Entity Management

SGML Open Technical Resolution 9401:1995
(Amendment 1 to TR 9401)

Paul Grosso, Chief Technical Officer
SGML Open
1995 September 8

© 1994, 1995 SGML Open

Permission to reproduce parts or all of this information in any form is granted to SGML Open members provided that this information by itself is not sold for profit and that SGML Open is credited as the author of this information.

Abstract

Two different but related issues pertaining to entity management impede interoperability of SGML documents:

While there are many important issues involved and a complete solution is a long term goal, the SGML Open membership agrees upon the enclosed simple set of conventions to address a useful subset of the complete problem. To address issue A, this resolution defines an entity catalog that maps an entity's external identifier and/or name to a file name. To address issue B, this resolution defines a simple interchange packaging scheme using an interchange catalog to associate a public identifier with each interchanged file.

Technical Resolution 9401:1994
Final Technical Resolution: 1994 August 9
Technical Resolution 9401:1995 (Amendment 1)
Committee draft 1: 1995 March 1
Committee draft 2: 1995 March 23
Final Draft Technical Resolution: 1995 April 19
Final Technical Resolution: 1995 September 8


Introduction

In order to use a variety of SGML tools in a variety of computer environments, there are two different but related problems to solve:

There are many important issues involved and a complete solution -- possibly including work within the standards community -- is a long term goal. However, the SGML Open membership agrees at this time upon a simple set of conventions that addresses a useful subset of the complete problem.

The short term solution for issue A defines an entity catalog that handles the simple cases of mapping an external entity's public identifier and/or entity name to a system-dependent file name. This solution allows for a probably system-dependent but application-independent catalog. Though it does not handle all issues that a complete entity manager addresses, it simplifies use of multiple products in a great majority of cases.

While there are various interchange strategies already defined -- including the SGML Document Interchange Format (SDIF) defined in ISO 9069 -- none are currently widely used or supported by enough readily accessible implementations. This resolution addresses issue B by defining a simple interchange packaging scheme using an interchange catalog to associate a public identifier with each interchanged file.

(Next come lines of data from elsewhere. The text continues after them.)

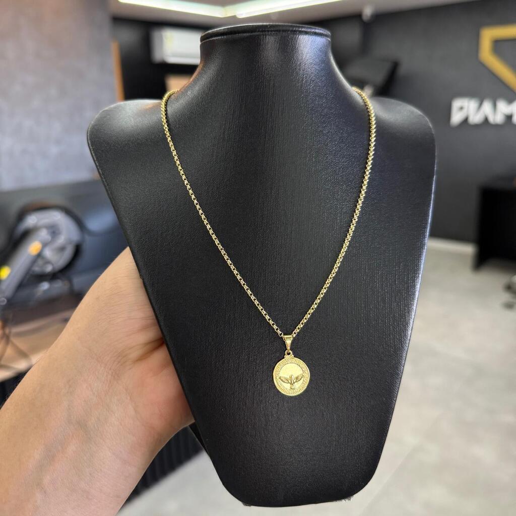 Corrente Elo Português 45cm (Fecho Tradicional) + Pingente Medalha Espírito Santo (P)
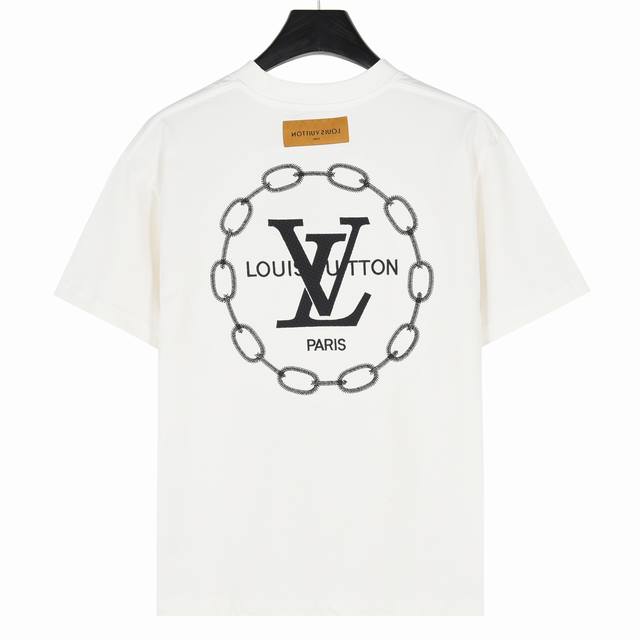 Louis Vuitton 25Ss Short-Sleeve T-Shirt with Chain Circle Embroidery on the Back. Made with high-weight combed cotton, custom 1:1 ribbed fabric, comfortable and skin-friendly. Custom-dyed fabric with high weave density, excellent drape, and resistance to deformation. The thick weave combined with tight spinning does not affect breathability. High color saturation. Custom-made accessories include three labels, a four-leaf clover embroidery on the chest, and a large chain circle logo embroidery on the back. A versatile and stylish short-sleeve T-shirt with a loose fit that flatters all body types. Colors: Black, White. Size: S-XL.
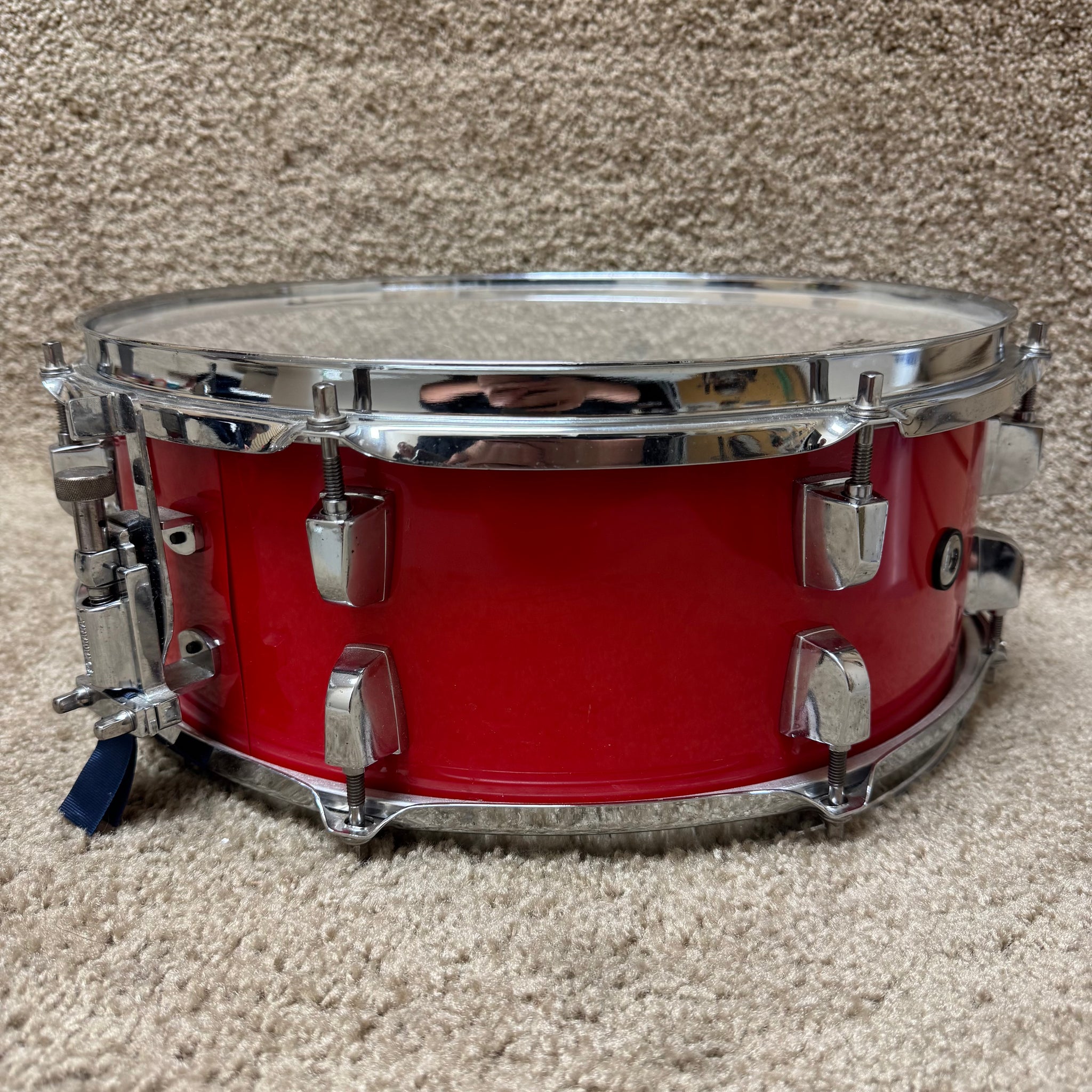 This pre-owned Yamaha Rydeen Snare Drum combines striking red aesthetics with reliable performance. The 14x5.5" poplar shell produces a balanced tone with quick response, ideal for drummers building their first or second kit. Well-maintained and backed by Yamaha's reputation for quality construction, it's a practical choice that won't compromise on sound or durability. There is a small tear on the snare side head but overall this drum is in very good shape.
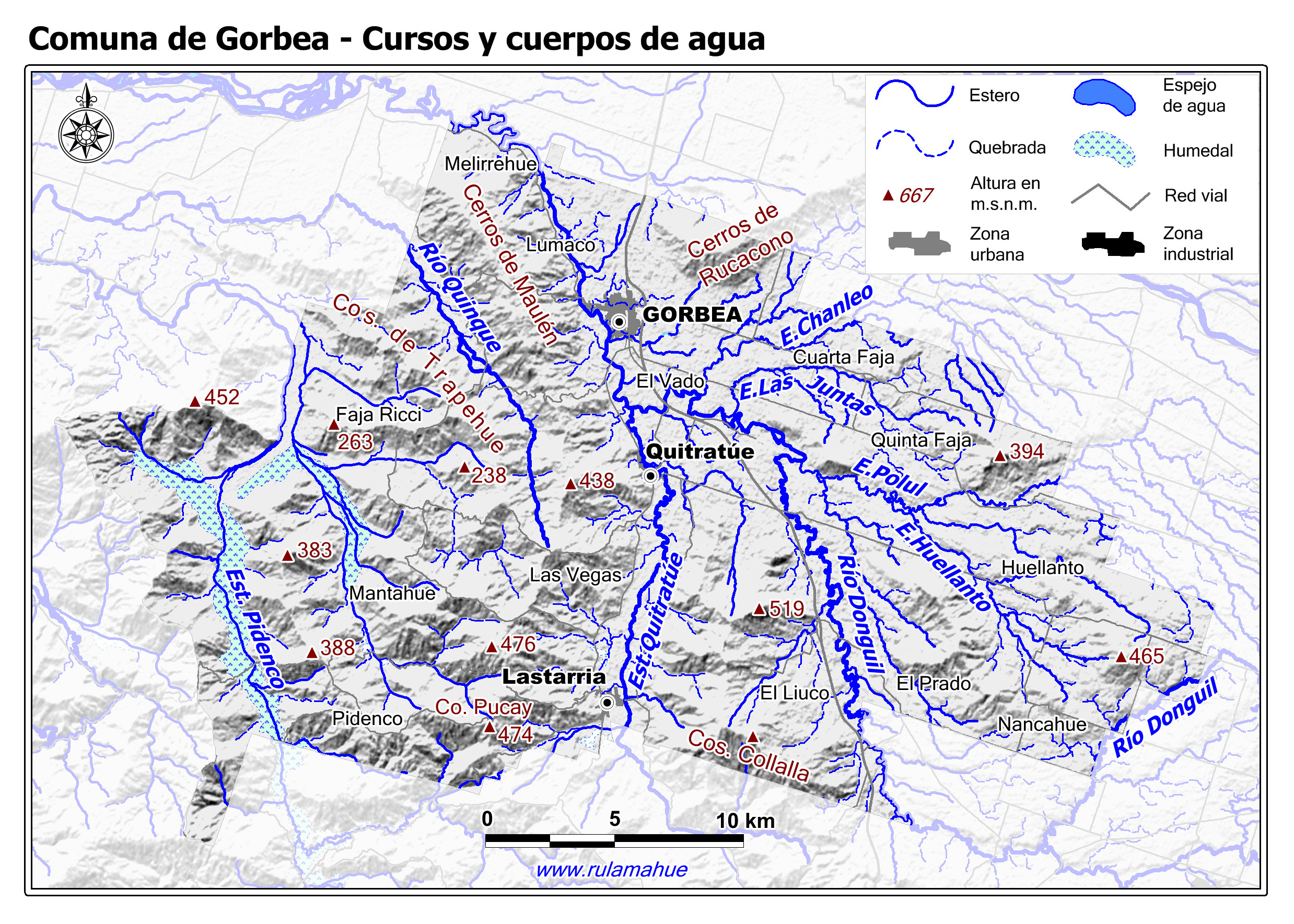 Mapa de las cuencas hidrográficas según información de la Dirección General de Aguas del Ministerio de Obras Públicas.
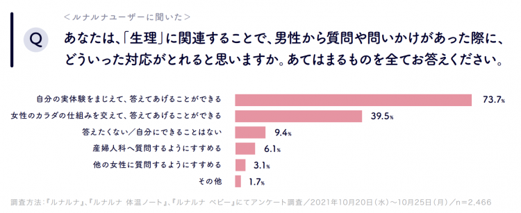 生理に関して男性から質問や問いかけがあった際に、どういった対応がとれるかを女性に尋ねた結果、最も多かった回答は「自分の実体験をまじえて答えてあげることができる」(73.7%)で、7割以上の女性が回答。次に多かったのが「女性のカラダの仕組みをまじえて答えてあげることができる」(39.5)だった。
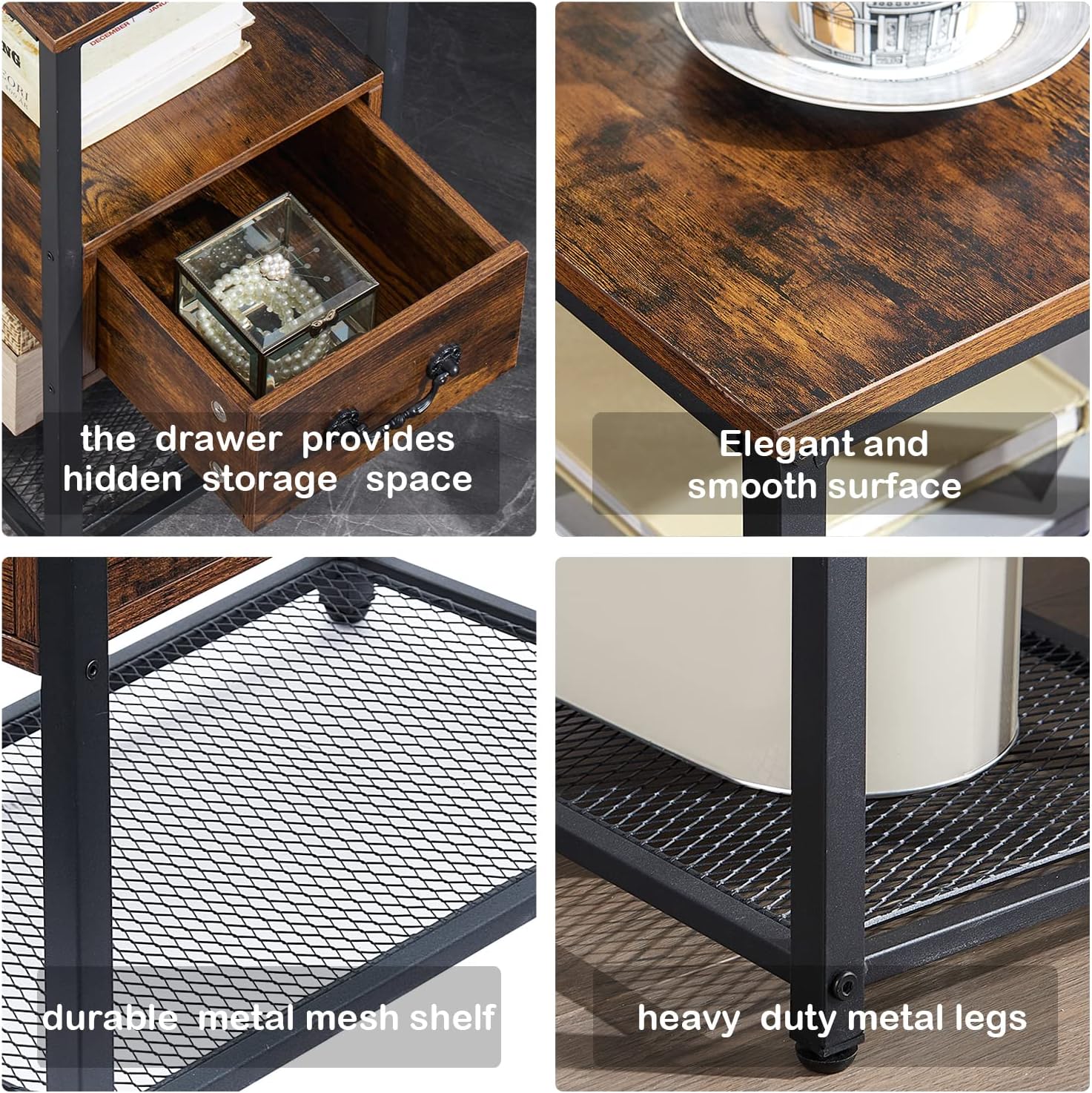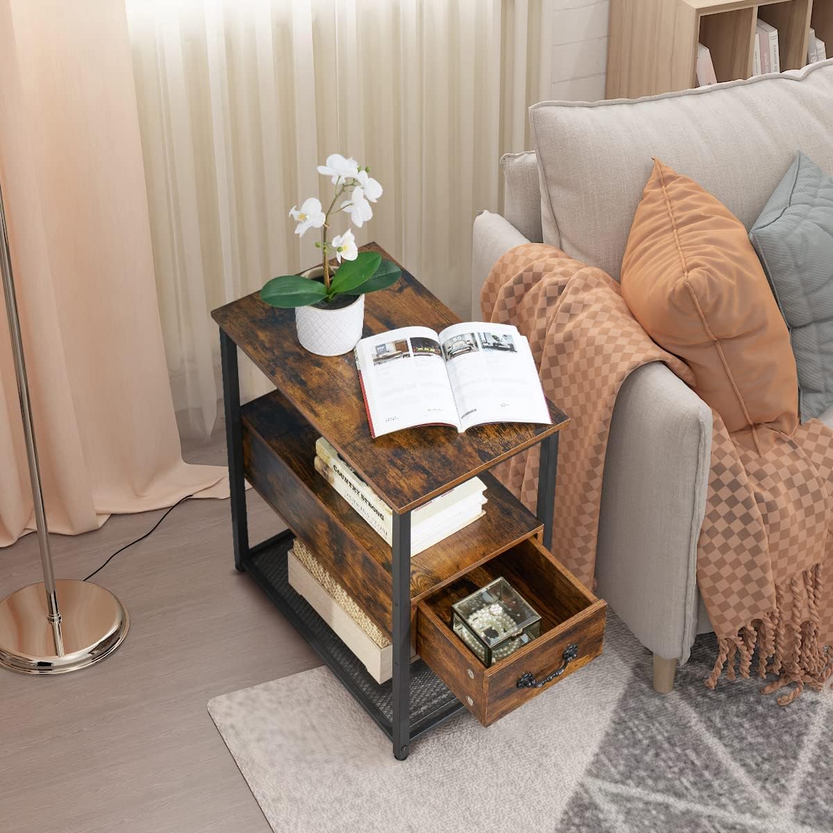 VECELO Narrow End tables: Tough structure Featuring light weight and compact design Equipped with adjustable feet Suitable for a variety of decoration styles Friendly Customer-Service Specifications: Color: BROWN Dimension: 20.5" x 12.6" x 23.6" Package Includes: 2 x End Tables 1 x Instruction 1 x Assembly Kit

Issue A: a simple entity catalog format

To address the issue of multiple vendors' applications on a given system, this resolution defines a format for a probably system-dependent but application-independent entity catalog that maps external identifiers and/or entity names to file names. This catalog is used by an application's entity manager. This resolution does not dictate when an entity manager should access this catalog; for example, an application may attempt other mapping algorithms before or (if the catalog fails to produce a successful mapping) after accessing this catalog. The catalog has a standard format. Each application that uses it must provide the user with a mechanism for specifying how and when the catalog is to be accessed. The logical catalog may be composed of multiple catalog entry files. It is up to the application to determine the ordered list of catalog entry files to be used as the logical catalog.

Each entry in the catalog associates a "storage object identifier" (such as a file name) with information about the external entity that appears in the SGML document. ("Storage object identifier" is frequently abbreviated "s.o.i." below.) For example, the following are possible catalog entries that associate a public identifier with an s.o.i.:

PUBLIC "ISO 8879-1986//ENTITIES Added Latin 1//EN" "iso-lat1.gml"
PUBLIC "-//USA/AAP//DTD BK-1//EN" "aapbook.dtd"
PUBLIC "-//ACME DTD Writers//DTD General Report//EN" "report.dtd"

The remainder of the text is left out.